> MATERIAL FOR THIS EXERCISE:
****

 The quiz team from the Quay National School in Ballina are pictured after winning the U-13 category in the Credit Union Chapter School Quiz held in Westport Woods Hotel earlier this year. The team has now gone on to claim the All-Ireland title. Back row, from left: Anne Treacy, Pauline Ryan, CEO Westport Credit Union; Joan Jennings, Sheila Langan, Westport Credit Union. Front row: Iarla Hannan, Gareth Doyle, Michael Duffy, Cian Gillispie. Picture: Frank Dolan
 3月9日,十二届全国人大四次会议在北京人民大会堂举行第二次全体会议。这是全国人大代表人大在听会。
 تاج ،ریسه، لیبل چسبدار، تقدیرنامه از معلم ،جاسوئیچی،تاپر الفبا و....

****

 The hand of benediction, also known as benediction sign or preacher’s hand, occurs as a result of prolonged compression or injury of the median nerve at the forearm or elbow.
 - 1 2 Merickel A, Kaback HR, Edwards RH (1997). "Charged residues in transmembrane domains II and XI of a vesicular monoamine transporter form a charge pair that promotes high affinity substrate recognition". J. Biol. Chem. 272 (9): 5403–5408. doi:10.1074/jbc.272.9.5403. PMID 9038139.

****

> EXERCISE GOAL: Give back, word for word, only the lines above from the line holding "3月9日,十二届全国人大四次" to the line holding "تاج ،ریسه، لیبل", both included.

> OUTPUT FOR THIS EXERCISE:
 3月9日,十二届全国人大四次会议在北京人民大会堂举行第二次全体会议。这是全国人大代表人大在听会。
 تاج ،ریسه، لیبل چسبدار، تقدیرنامه از معلم ،جاسوئیچی،تاپر الفبا و....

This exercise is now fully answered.